The selflessness of doctors, nurses, healthcare workers and others involved in maintaining our essential services is a powerful demonstration of those ties. They remind us that our lives are a gift and we grow by giving of ourselves: not preserving ourselves, but losing ourselves in service. What a sign of contradiction to the individualism and self-obsession and lack of solidarity that so dominate our wealthier societies!

Francis appeals for the strengthening of our ties with our Creator, with our fellow human beings and with all creation around us. This is the new organising principle needed to launch the planet towards a new future of shared destiny. Drawing inspiration from the biblical sources, Francis frames the pandemic in terms of its potential for positive change. Just as the great deluge was an opportunity for renewed humanity, the COVID crisis can therefore become our Noah moment. We can find our way to the Ark and to a new future as long as we recognise and foster the ties that bind us and all things together.

COVID has taught us “no one is saved alone”. That knowledge demands a new politics of inclusion and communion. It equips us to avoid both excessive individualism and the aggressive populism that thrives on identifying enemies at home and abroad. “Fraternity,” the Pope insists, “is the new frontier”, capable of knitting together the often competing demands of liberty and equality.

As we consider who and what we are in the mirror of the coronavirus pandemic, we can ask, ‘who are we and what do we hope for?’ How we live in a world of chaos and specifically as Catholic educators, how do we educate and equip young people for the challenges in the 21st Century. God is the name of life’s dynamic flow, oriented toward the moreness of life, the future. Where there is God, there is change and where there is change, there is future life. It is time to let go of the notion that we will return to “business as usual.” There is no “usual” and the rules of what is normative have been dispensed.

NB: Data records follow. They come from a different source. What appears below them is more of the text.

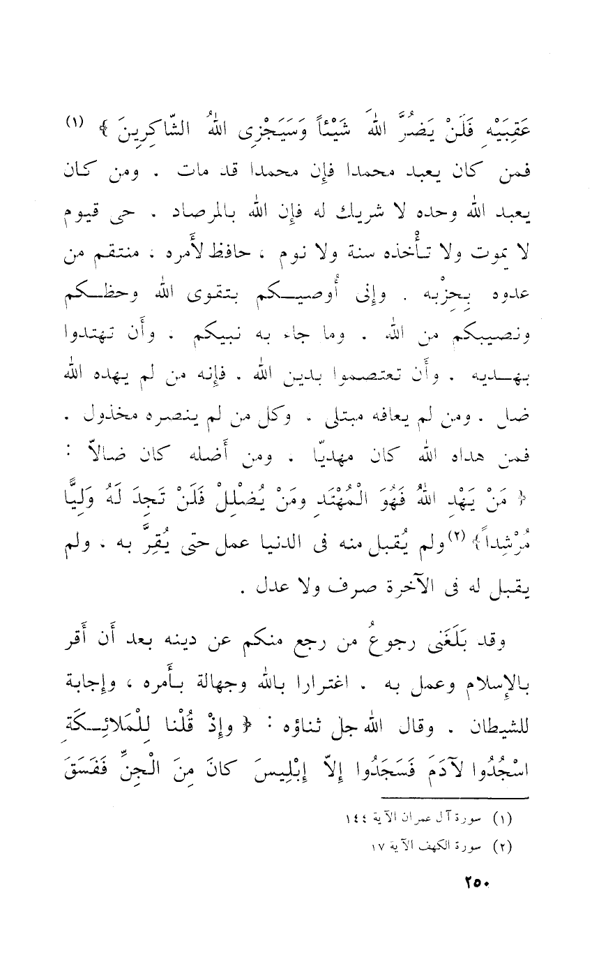 وَقد بَلغنِي رُجُوع من رَجَعَ مِنْكُم عَن دينه بعد أَن أقرّ بِالْإِسْلَامِ وَعمل بِهِ اغْتِرَارًا بِاللَّه وجهالة بأَمْره وَإجَابَة للشَّيْطَان وَقَالَ الله جلّ ثَنَاؤُهُ {وَإِذ قُلْنَا للْمَلَائكَة اسجدوا لآدَم فسجدوا إِلَّا إِبْلِيس كَانَ من الْجِنّ ففسق عَن أَمر ربه أفتتخذونه وَذريته أَوْلِيَاء من دوني وهم لكم عَدو بئس للظالمين بَدَلا}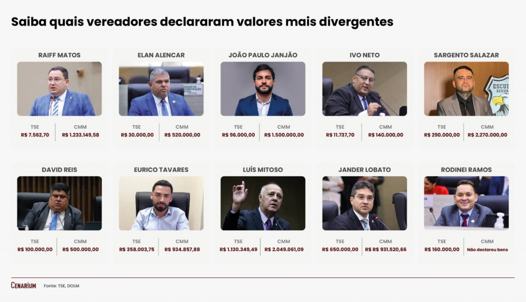 MANAUS (AM) – Dos 41 vereadores eleitos e reeleitos para a 19ª Legislatura da Câmara Municipal de Manaus (CMM), dez parlamentares se destacaram ao registrar divergências significativas em valores nas declarações de bens no Diário Oficial do Legislativo Municipal (DOLM), em comparação ao que haviam declarado no Tribunal Superior Eleitoral (TSE) no momento da candidatura.
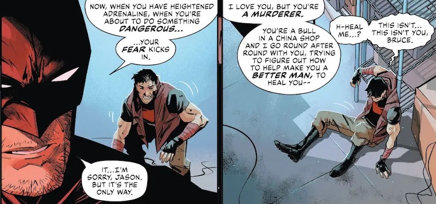 Batman has kidnapped Red Hood and injected him with a chemical that ups his fear response whenever he starts to get excited or ready for action. Meanwhile, Dick Grayson heads to a secret Bat-Computer in order to lock Bruce out of the systems. But Bruce and Damian know he’s going to do that and arrive to stop him, so Tim shows up to keep them at bay while Dick and get to work. Dick quickly learns what Bruce has done to Jason and he’s royally pissed off. But Bruce has given fully to Zur-En-Arrh at this point, and he abandons Dick, Tim and Damian to the police (they get away).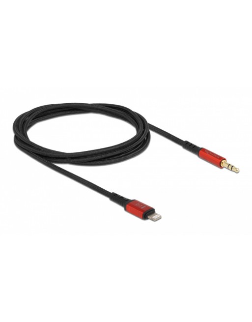 DELOCK καλώδιο Lightning σε 3.5mm 86587, 30AWG, 1.5m, μαύρο-κόκκινο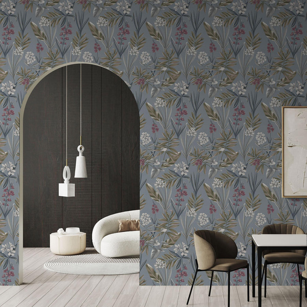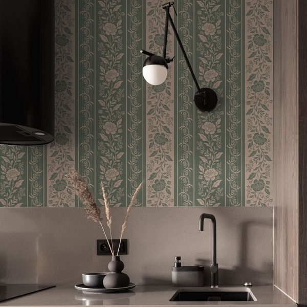 Temno zeleno ozadje z okrasnimi cvetovi in listi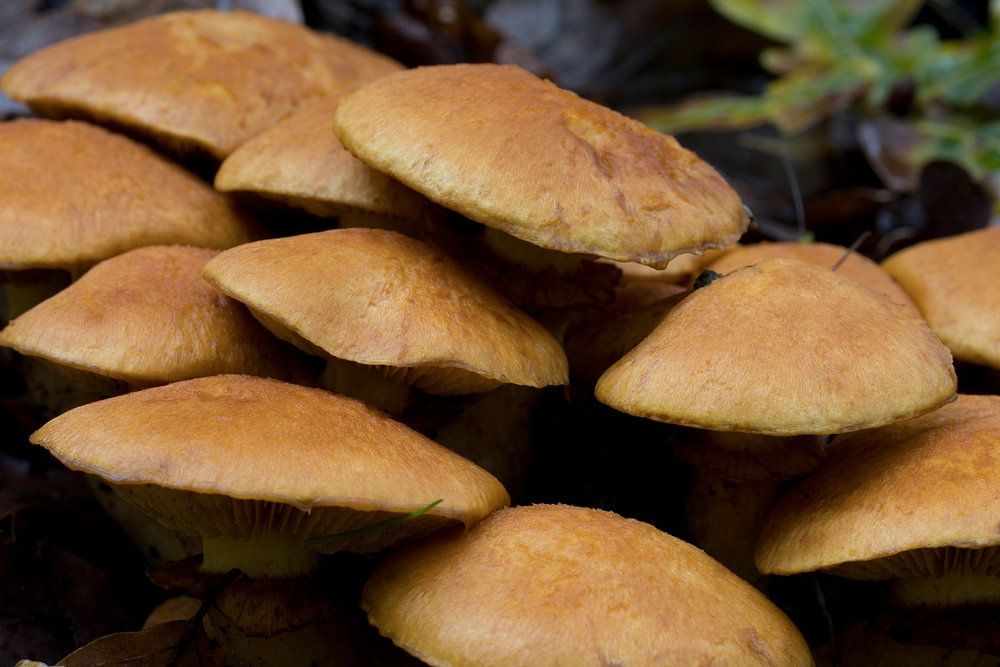 Closeup of a group of mushrooms the splendid-flowerhead or Gymnopilus junonius a mushroom in the family Hymenogastraceae, this species is quite common in autumn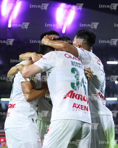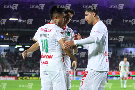 Mazatlán, Sinaloa, 6 de febrero de 2026. Jugadores de Chivas en festejo de gol, durante el partido correspondiente a la jornada 5 del torneo Clausura 2026 de la Liga BBVA MX, entre los Cañoneros del Mazatlán FC y las Chivas Rayadas del Guadalajara, realizado en el estadio El Encanto. Foto: Imago7/ Juan Carlos Cubeyro.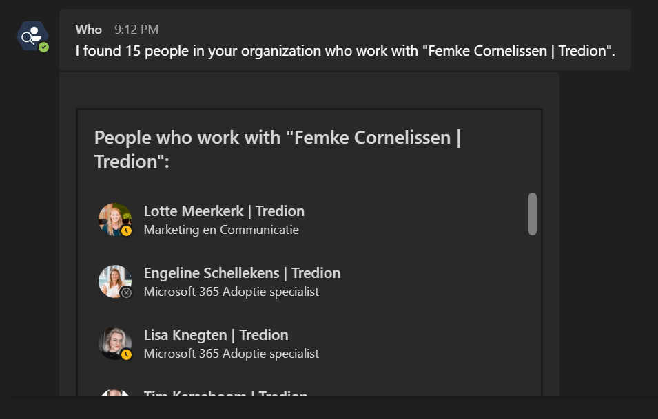 De chat bot zal worden geopend en nu kun je zoeken voor personen in je organisatie. Je kunt bijvoorbeeld vragen aan Who works with Femke.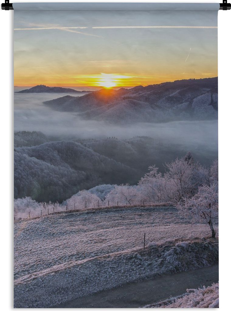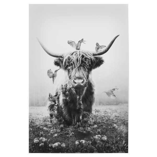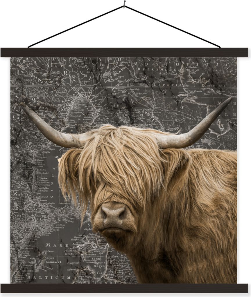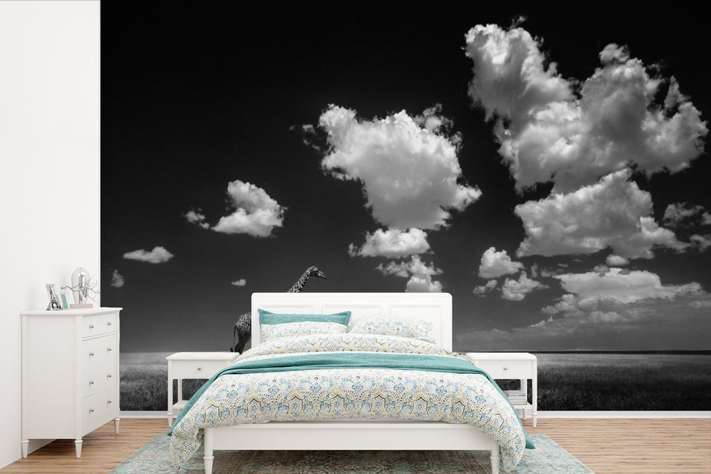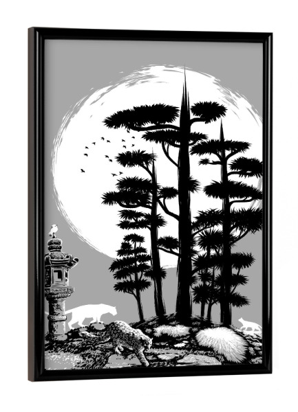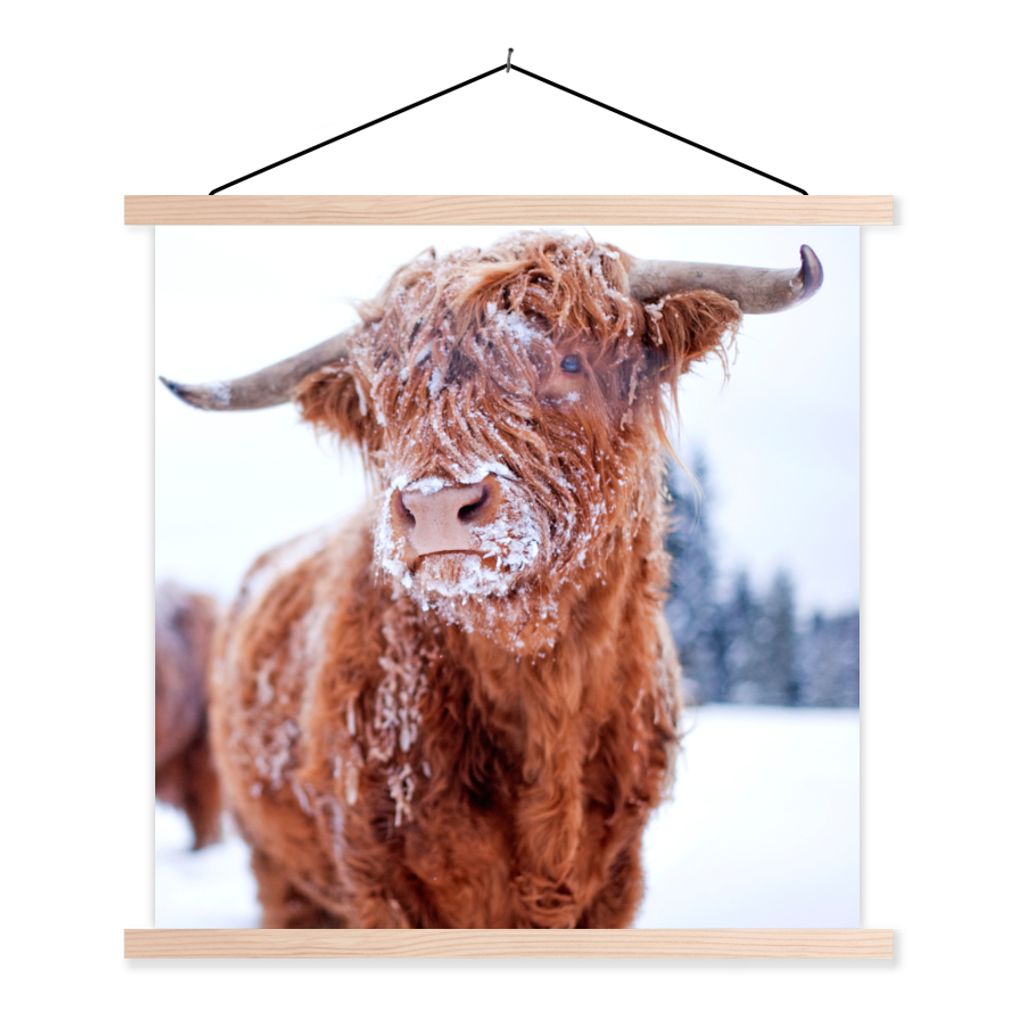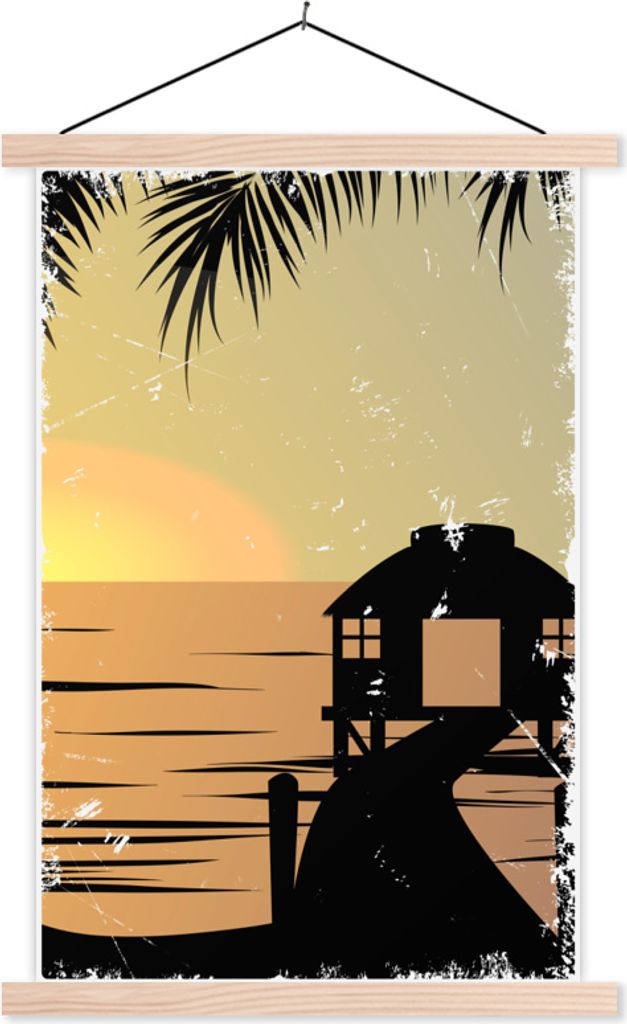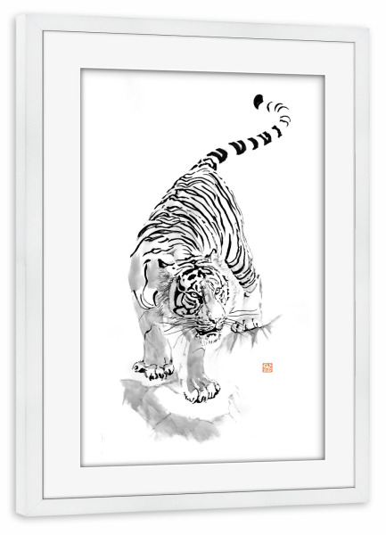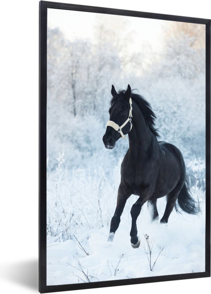 MuchoWow Textilposter Wildtiere - Leopard - Natur - Schwarz - Weiß 90x60 cm mit schwarzem Rahmen - Aufhängungssatz

We are in a global breakthrough in evolution and if we want a different world, we must become a different people. We have a chance to rewire ourselves for a new existence, but we must begin to live in a new way. We must abandon the old framework of individualism, siloism and the default controllable, manageable and profitable systems that undergird the operations of our society. It is time to embrace our new reality. I believe that as educators, we have the opportunity to form a new generation that values the common good more than individual success. Just as the Pope calls for a new politics of inclusion in the light of the systemic inequalities in the world, we also need an education that forms young people into men and women of deep empathy, solidarity and communion as opposed to individualism and self-interest.

Dear colleagues,

We give thanks today for your vocation of leadership that engenders hope and promotes transformation. Though we have our weaknesses and limitations, the example and power of Jesus guide us in our endeavour to accompany others on the journey to wholeness.

We are custodians of the Good News. The Kingdom vision of Jesus guides us as we endeavour to be a community that serves as an antidote to the politics of fear, self-interest and the economy of exclusion in our society. We espouse a love that transcends borders and a social friendship that makes universal brotherhood possible. We are privileged to be partners with God’s plan for a shared destiny of hope, communion and life for all.

May we be strengthened to walk the journey of faith with one another and with those entrusted to our care. May we learn to become servants of the Kingdom, visible signs of hope and sacraments of God’s light to them in the COVID-world of chaos, change and evolution.

I conclude with the final stanza of Amanda Gorman’s The Hill We Climb that was powerfully delivered at the recent Presidential Inauguration Ceremony in Washington, D.C. to an America deeply divided and yet determined to forge a new future:

The new dawn blooms as we free it. 
For there is always light, 
if only we’re brave enough to see it. 
If only we’re brave enough to be it.